12月6日待降節第2主日
赤波江神父の黙想のヒント

 「私たちは、義の宿る新しい天と新しい地とを、
神の約束に従って待ち望んでいるのです」(使徒ペトロの第二の手紙3:13)

 聖書の中には「滅びる」という言葉が時々見られます。今日のペトロの手紙でも「全てのものは滅び去る」という言葉が出てきました。でも何のために滅び去るのでしょうか。用事が済んだから滅び去るのでしょうか。そうではありません。新しいものが生まれるために古いものは去らなければならないのですね。ですから聖書の視点はいつも新しさ、誕生なのですね。時は過ぎ去る、それは新しいものが生まれるためにこそ古い時は過ぎ去らなければならないということなのですね。

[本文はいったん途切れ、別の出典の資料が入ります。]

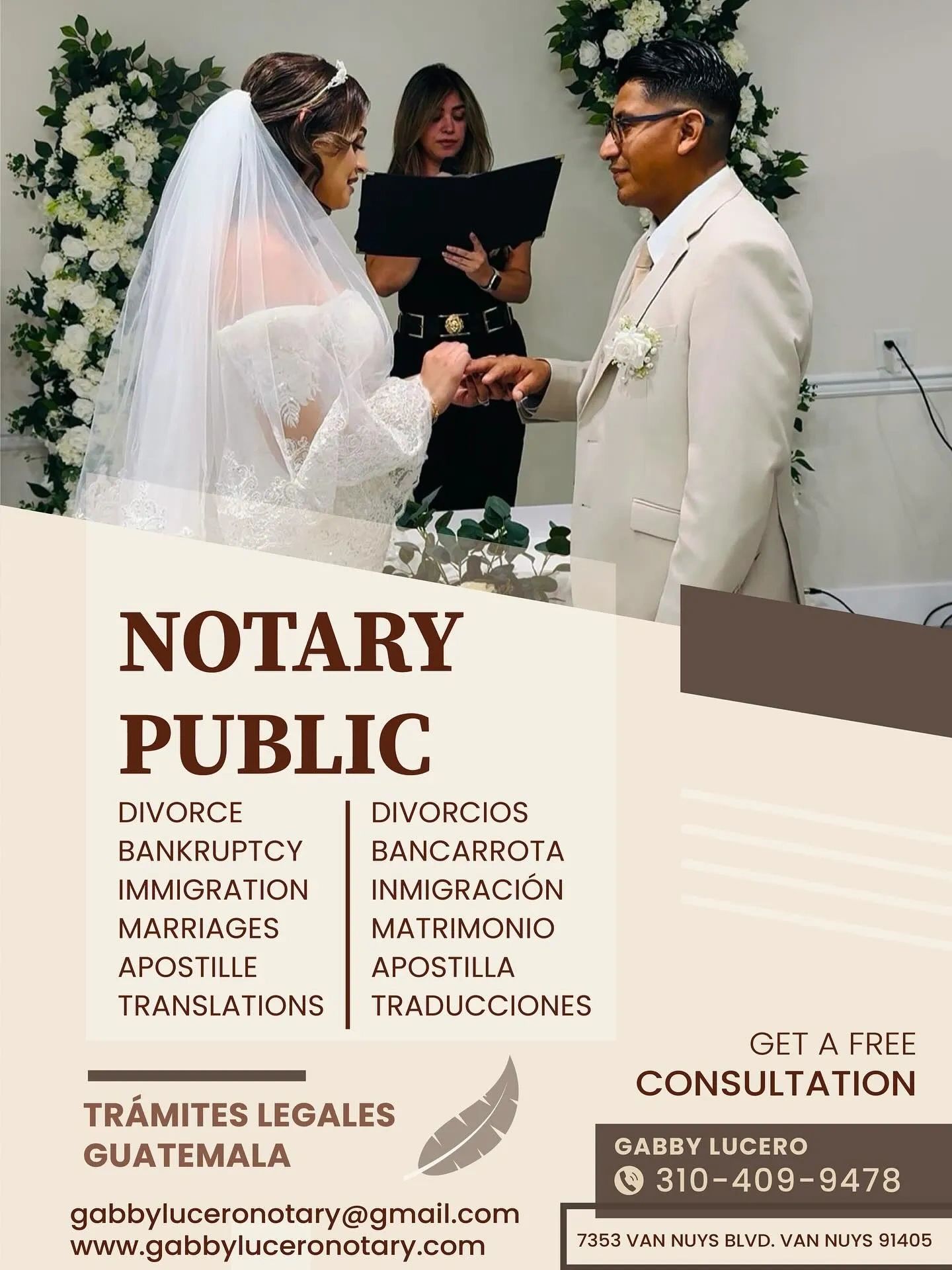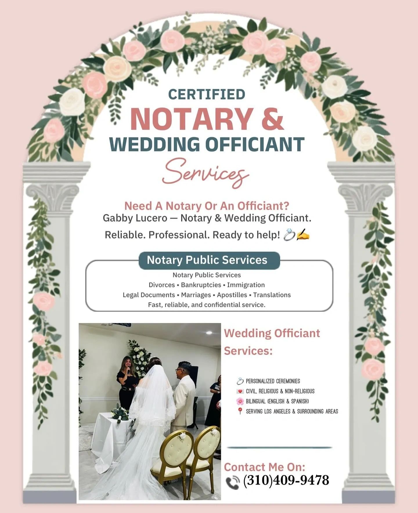 I am a certified Notary Public in the state of California. I'm also a Wedding Officiant, Process Server and certified translator English and Spanish
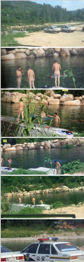 【声明】8月18日下午,有博友在微博爆料:鲁山景区有两辆警车停在河边,有人在河里洗澡。经初步调查,两辆警车系我局在景区执勤车辆。首先,我们感谢博友对我局公安工作和队伍建设的监督和支持。目前,我局正组织警务督察部门对此事进行调查,详细情况我们会在第一时间在微博上公布。

 毎年4月頃桜の花は私たちを楽しませてくれます。やがて花が終わった後は葉が出て半年近く桜の木は緑の葉で繁っています。やがて秋が深まると葉は散ってしまいます。どうして葉は散るのでしょうか。寒くなって枯れるだけなのでしょうか。いいえ、そうではありません。桜の葉は来年花を咲かせるために準備してその使命を終えて散るわけで、つまり命を譲り渡すのですね。しかもわずか2週間の桜のために葉は半年間も太陽の光を受けながら準備するわけですね。

 人間も同じでなぜ死ぬのかというと、年を取ったからではなく次の世代のために命を譲り渡すためなのですね。このようにして人の命は有史以来延々と受け継がれてきました。人の誕生は大切なこと、同じように人が死ぬことも大切なこと、しかもよりよく死ぬことはもっと大切なことです。ですから人が亡くなったときの儀式は一般に葬式といわれますが、正しい意味では「命の伝達式」でなければならないのですね。しかもそれで終わりではなく、亡くなった後は記憶として残された人の人生の道案内にならなければならないのですね。

 そろそろ人生のマラソンのラストスパートに来ている人も多いと思います。しっかりと次の世代にバトンタッチしましょう。